What about an HPC cluster in a data center, enterprise, environment hell
even an ISP environment. Does the same still apply?

Very much so ... you need the flexibility to choose as many of the system features as you can. The OS and distro have been reduced to a feature detail, in the sense that they will add/subtract complexity/performance/security. As with other details, there is always a cost-benefit analysis one can work through.

You list the features you require, the features you have a strong preference for, features you would like, and examine the costs/choices you need to make to achieve these.

If you can easily manage/deploy/control gentoo, without significant pain, and it meets all your other requirements, solves your needs without causing you additional grief/time/effort/resources, use it. If it causes you pain, examine whether or not that pain is warranted or needed. This is the choice we made with CentOS/Red Hat a while ago, and Windows long before that.

Use what makes sense, though the definition of "makes sense" varies per context.

We have large customers running an OpenSolaris rebuild as the basis for their global cloud. It makes sense to them (engineering, support, etc.).

Regardless of this our tiburon/Scalable OS system supports booting anything over PXE (yeah, DOS included ... not kidding at all) to bare metal, VMs, etc. so its not an issue for us. The OS is a detail, what matters is how you use it and how you can use and support it. It doesn't matter where it is, what it is, and whose using it. This isn't an ego issue, its a pragmatic issue, which is why flexibility in all things is what matters most. It gives you the greatest ability to optimize the things deemed important, while reducing the costs of these choices to manageable levels. You make a change when the costs of the choice exceed the value of the choice.

Instead of letting this devolve into a distro battle (I have no dog in
that race, but I know from long hard experience what to avoid), it makes
more sense to look at the bigger picture.

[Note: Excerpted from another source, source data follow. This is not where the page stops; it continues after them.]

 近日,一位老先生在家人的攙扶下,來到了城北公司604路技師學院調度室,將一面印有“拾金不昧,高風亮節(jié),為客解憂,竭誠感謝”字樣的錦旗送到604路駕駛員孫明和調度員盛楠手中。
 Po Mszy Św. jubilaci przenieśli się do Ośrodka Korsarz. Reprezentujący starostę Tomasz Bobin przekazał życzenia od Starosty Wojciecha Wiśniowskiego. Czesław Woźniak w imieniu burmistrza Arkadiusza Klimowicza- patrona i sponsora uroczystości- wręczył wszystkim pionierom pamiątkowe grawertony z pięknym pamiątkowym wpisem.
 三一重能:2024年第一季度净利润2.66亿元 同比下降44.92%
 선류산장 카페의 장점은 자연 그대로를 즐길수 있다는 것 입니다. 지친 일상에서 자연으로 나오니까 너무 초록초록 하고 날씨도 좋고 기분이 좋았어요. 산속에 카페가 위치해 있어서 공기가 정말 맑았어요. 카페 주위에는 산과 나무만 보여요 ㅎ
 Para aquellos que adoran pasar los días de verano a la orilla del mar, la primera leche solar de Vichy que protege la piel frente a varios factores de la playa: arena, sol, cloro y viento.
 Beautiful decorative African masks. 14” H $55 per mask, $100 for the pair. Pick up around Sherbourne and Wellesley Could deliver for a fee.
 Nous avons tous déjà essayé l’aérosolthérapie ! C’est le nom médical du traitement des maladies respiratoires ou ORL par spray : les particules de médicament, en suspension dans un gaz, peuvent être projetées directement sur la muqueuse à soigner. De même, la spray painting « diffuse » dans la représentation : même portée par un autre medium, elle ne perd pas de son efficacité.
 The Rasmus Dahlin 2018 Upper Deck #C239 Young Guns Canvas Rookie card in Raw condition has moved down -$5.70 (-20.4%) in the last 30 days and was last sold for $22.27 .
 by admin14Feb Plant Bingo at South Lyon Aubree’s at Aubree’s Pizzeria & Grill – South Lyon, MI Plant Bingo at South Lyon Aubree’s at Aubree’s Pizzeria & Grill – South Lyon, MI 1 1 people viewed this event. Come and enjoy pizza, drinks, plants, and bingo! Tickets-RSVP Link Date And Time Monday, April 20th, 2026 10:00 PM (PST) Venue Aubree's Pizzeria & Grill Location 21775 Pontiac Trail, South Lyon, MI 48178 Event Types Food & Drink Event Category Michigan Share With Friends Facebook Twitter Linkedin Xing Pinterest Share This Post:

In the larger frame, a cluster is a mechanism to provide computing
cycles.  The keepers of the cluster are service folks, in the sense that
they are providing a shared resource with specific functionality, and
providing a service to the internal (and sometimes external) consumers
of the service.

In this day and age of software defined everything, a cluster needs to
be as flexible as possible, and provide the necessary level and type of
service to be viable.  Not simply economically viable, but practical,
and pragmatic.

Which means cluster admins and service teams need to address many
different environmental issues and requests.

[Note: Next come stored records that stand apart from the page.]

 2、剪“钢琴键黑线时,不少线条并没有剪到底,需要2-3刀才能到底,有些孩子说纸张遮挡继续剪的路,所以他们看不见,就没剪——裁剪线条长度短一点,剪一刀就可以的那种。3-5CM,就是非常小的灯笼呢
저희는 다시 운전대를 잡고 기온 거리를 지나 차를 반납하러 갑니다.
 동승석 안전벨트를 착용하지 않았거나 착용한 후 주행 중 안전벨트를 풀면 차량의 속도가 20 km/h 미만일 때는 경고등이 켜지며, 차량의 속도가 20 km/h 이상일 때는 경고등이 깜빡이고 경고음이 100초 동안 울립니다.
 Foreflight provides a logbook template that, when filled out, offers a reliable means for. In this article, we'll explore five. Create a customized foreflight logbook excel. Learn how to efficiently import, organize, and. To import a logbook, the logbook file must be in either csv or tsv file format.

In academic circles, where there may be less of a push for commercial
support on software, these requirements may be relaxed relative to other
users.

In commercial circles, where one might need to guarantee results (for
any number of reasons, and yes, this happens), the environments are far
more rigid.

How can a provider of cycles provide service to a rigid set of
requirements without being flexible?

My argument is, fundamentally, that technologies like kvm, and Docker on
Linux provide a simple mechanism for that functionality.  On Windows
(very few windows clusters, but still) you can do this with HyperV.

So the details of what runs at the base level on the cluster matter far
less than the detailed requirements and the business needs for the
application.  The latter should determine the former, and if the latter
requires something different than the former supplies, kvm/Docker etc.
can provide this.  So can bare metal stateless.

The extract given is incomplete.